StatsAPI.jl icon indicating copy to clipboard operation
StatsAPI.jl copied to clipboard

Exposing rank deficient info

Open gragusa opened this issue 3 years ago • 1 comments

I want to discuss the best way to have an API for RegressionModels that are rank deficient. In particular, I would like to have a mechanism allowing packages interfacing through StatsAPI to recover the collinear columns of the model matrix.

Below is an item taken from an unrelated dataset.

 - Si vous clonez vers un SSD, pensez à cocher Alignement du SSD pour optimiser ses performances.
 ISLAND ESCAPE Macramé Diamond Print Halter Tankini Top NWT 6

Consider this example (I am going to use GLM.jl):

X1 = randn(100)
X2 = randn(100)
y = X1 + X2 + randn(100)
df = DataFrame(y=y,X1=X1,X2=X2, X3=X1, X4=X1.+X2)
lm_1 = lm(@formula(y~X1+X2+X3+X4), df)

Using the StatsAPI, there is no way to recover the three columns of the model matrix that are linearly independent. However, one can do this by looking at the DensePredChol (and eventually at the DensePredQR).

For instance, if I want to calculate X'X using only these columns, I could do

X = modelmatrix(lm_1)
XX = X'X
ch = lm_1.model.pp.chol
rnk = rank(ch)
XX[1:end .∉ [ch.p[rnk+1:end]], 1:end .∉ [ch[rnk+1:end]]]

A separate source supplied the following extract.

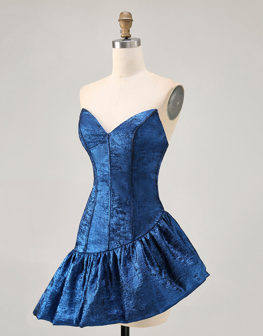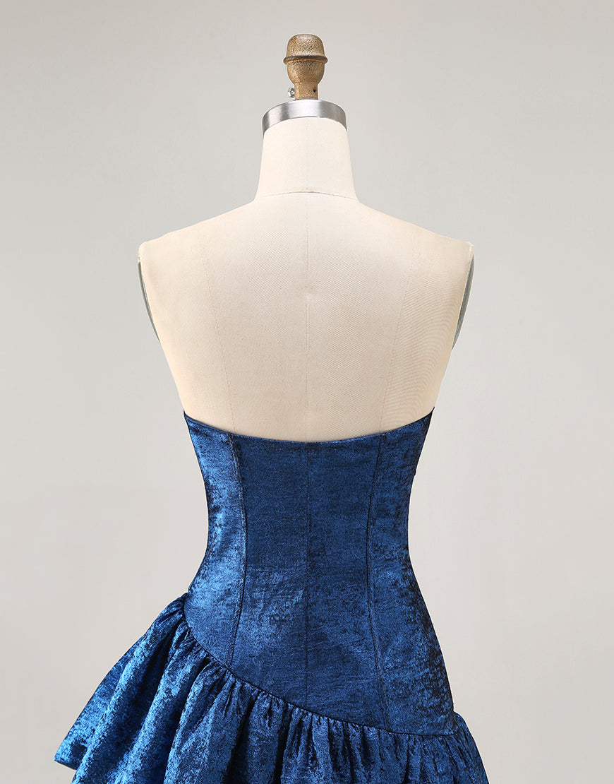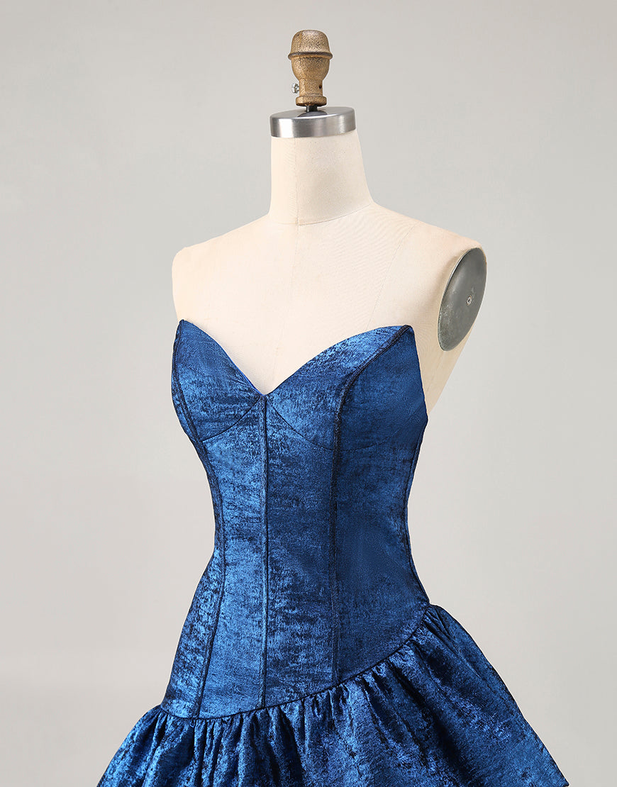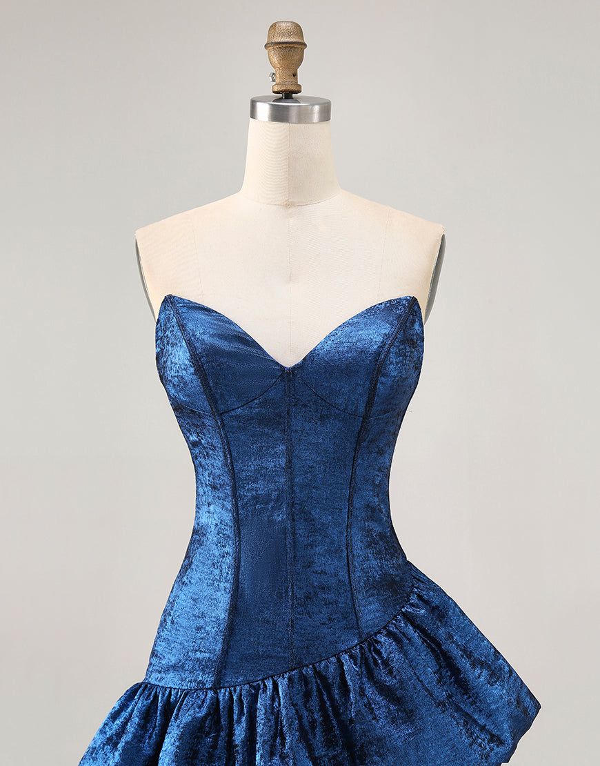 Dark Blue Corset A-Line Strapless Ruffle Homecoming Dress

and similarly, for the columns of the modelmatrix:

Z = X[:, 1:end .∉ [ch.p[rnk+1:end]]] 

I don't know the best way to expose this at the API level. Maybe something like this?

function StatsAPI.collinearindexes(r::RegressionModel) end

The implementation in GLM could then look something like this:

function GLM.collinearindexes(m::LinPredModel) ## of course only for `CholeskyPivoted` (and `QRPivoted` when implemented)
  ch = m.pp.chol
  rnk = rank(ch)
  return ch.p[1:rnk], ch.p[rnk+1:end]
end

Probably not great. Ideas?

P.S.: This is very useful to make packages like CovarianceMatrices play nice with rank-deficient RegressionModels.

gragusa avatar Oct 24 '22 21:10 gragusa

Any comments? Would anybody object to this implementation?

gragusa avatar Dec 20 '22 17:12 gragusa